Aikman's Agent Recounts QB's Concussions to Illustrate "Undiagnosed Health Epidemic"

USA Today directs our attention to agent Leigh Steinberg's kick-off column for the Los Angeles Times's small-paper spin-off The Daily Pilot, which ran last week. In it Steinberg tackles the subject of concussions, which, he writes, have become an "undiagnosed health epidemic ... sweeping athletic fields across the country ... posing a threat to athletes in every age group." Which is just what I tell the 7-year-old who lives in my house who wants to play tackle football.

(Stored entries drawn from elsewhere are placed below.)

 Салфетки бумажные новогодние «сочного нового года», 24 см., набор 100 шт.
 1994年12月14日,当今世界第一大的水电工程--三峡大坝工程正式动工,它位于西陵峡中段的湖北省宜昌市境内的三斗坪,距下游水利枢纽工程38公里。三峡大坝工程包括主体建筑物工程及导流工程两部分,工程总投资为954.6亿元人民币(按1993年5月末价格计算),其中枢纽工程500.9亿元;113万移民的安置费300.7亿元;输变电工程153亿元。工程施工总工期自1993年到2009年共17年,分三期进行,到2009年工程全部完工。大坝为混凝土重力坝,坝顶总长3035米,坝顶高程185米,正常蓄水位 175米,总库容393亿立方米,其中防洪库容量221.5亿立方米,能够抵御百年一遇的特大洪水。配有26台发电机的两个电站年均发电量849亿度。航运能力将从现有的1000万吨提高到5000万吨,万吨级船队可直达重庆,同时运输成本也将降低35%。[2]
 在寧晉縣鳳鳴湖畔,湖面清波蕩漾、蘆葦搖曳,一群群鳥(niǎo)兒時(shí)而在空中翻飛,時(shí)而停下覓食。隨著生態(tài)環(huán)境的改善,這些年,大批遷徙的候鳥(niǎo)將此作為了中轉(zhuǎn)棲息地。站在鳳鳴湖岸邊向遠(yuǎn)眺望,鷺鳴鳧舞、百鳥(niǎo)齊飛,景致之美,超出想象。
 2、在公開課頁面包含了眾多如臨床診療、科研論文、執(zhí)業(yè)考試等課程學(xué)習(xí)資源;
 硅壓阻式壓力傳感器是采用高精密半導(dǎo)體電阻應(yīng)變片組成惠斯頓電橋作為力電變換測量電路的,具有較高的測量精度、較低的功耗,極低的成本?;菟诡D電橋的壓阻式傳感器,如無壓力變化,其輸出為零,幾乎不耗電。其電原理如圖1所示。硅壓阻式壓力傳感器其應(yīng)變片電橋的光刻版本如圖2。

Steinberg, of course, was Troy Aikman's agent during his days as Cowboys QB, when Aikman suffered no fewer than 10 significant concussions. And though Aikman got some grief from some media members earlier this year for refusing to comment on the subject during post-season broadcasts, just last October he said no way, no how would he let his kid suit up: "If I had a 10-year-old boy, I don't think I'd be encouraging him to go out and play football. And so I wonder where football is going to be 20 years from now, in light of some of our youth that may not get involved with the sport because of head injury."

Which brings us back to Steinberg's piece. In it, the agent tells a story about going to see Aikman at Baylor Hospital following the NFC Championship win over San Francisco. (He writes it was in '95, but surely he means that brutal hit that knocked Troy out of the '94 title game.)

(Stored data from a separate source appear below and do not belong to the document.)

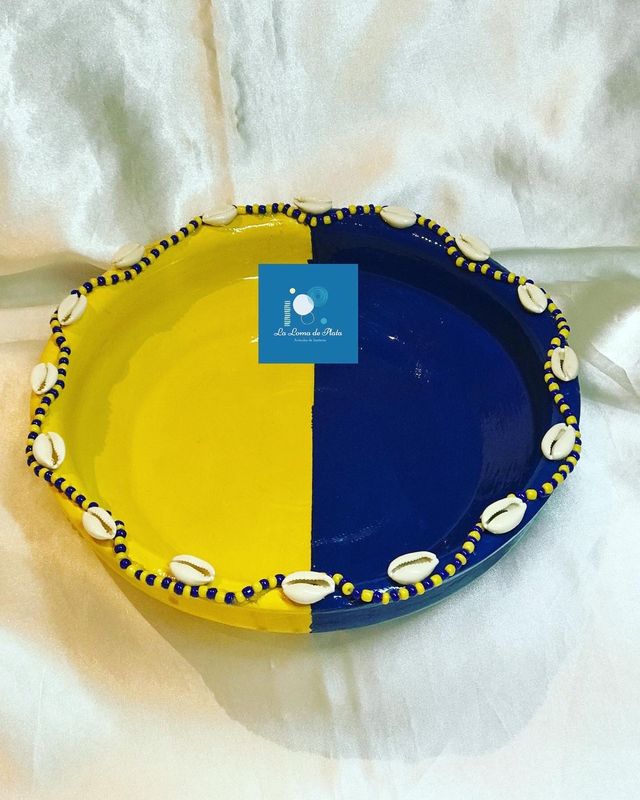 Plato de Oshosi de barro pintado en azul y amarillo con detalles en cuentas del mismo color y cauris.
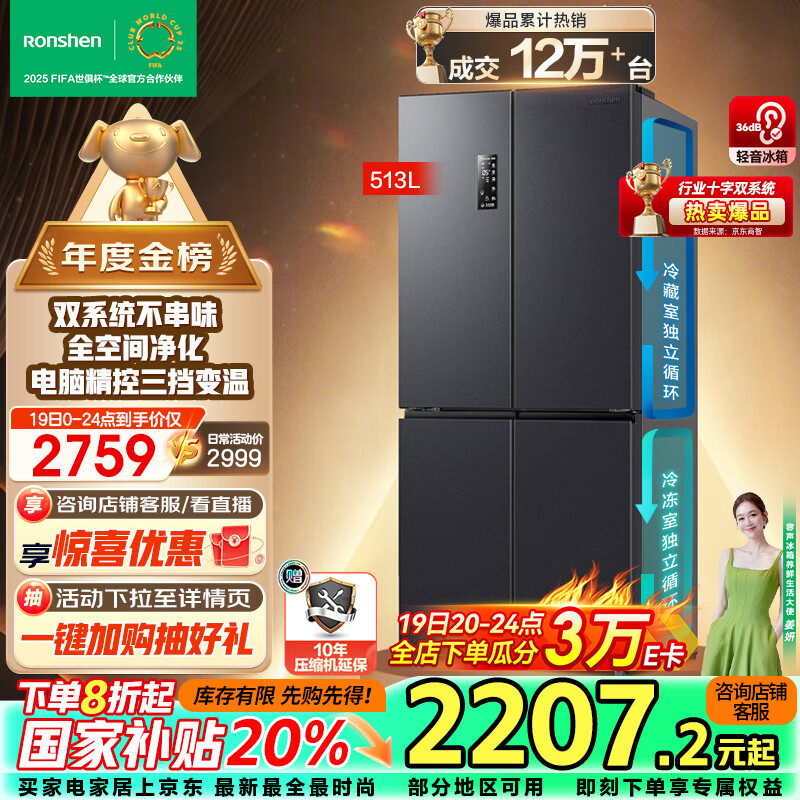 容声(Ronshen)[501升级款]513升十字对开四开门电冰箱家用一级节能效变频双循环风冷无霜BCD-513WD12FPA补贴价格:3058.99元!
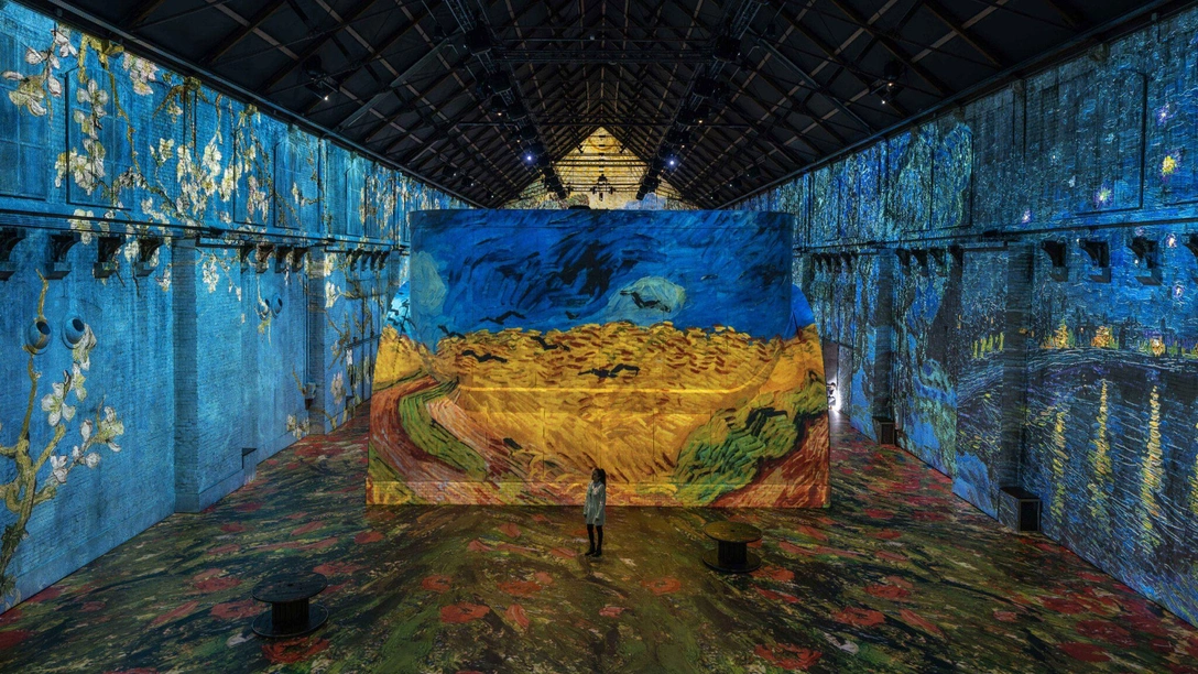 Творческая студия D/Dock переделала зал бывшего газового завода в Амстердаме в пространство Fabrique des Lumières, объявленное крупнейшим центром иммерсивного искусства в Нидерландах. Команда дизайнеров и строителей превратила помещение двойной высоты (площадью 3800 квадратных метров) в выставочное пространство, где красочные произведения искусства проецируются на пол и стены.
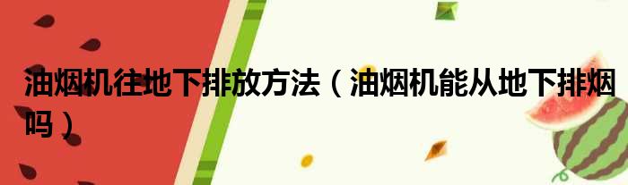 油烟机往地下排放方法(油烟机能从地下排烟吗)

The city was awash with celebration, horns honking, fireworks in the sky. Troy greeted me with a confused look on his face.

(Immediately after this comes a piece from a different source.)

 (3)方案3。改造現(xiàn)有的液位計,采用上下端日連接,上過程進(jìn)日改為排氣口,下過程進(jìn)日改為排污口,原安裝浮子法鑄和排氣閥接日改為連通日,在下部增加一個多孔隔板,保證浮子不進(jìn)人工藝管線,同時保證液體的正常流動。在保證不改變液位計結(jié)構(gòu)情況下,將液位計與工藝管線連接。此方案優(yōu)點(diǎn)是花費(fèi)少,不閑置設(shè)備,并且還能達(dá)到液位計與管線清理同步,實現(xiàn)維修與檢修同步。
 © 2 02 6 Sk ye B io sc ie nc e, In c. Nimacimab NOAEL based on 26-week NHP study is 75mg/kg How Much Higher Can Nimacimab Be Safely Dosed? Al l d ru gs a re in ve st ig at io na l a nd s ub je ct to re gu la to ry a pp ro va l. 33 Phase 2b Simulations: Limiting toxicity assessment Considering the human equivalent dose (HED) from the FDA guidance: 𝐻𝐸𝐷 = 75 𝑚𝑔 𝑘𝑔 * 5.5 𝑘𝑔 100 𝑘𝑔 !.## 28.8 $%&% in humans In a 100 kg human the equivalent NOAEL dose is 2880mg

"Where am I?" he asked. "Did I play today? How well did I play? Did we win? Are we going to the Super Bowl?"

I answered the questions and his face brightened. Five minutes later, he looked at me in confusion and asked the same questions again and I answered before he smiled.

But five minutes later he asked the same questions once again as if we had never talked. I became terrified at the toll a concussion took on the tender thread separating sentient consciousness from dementia.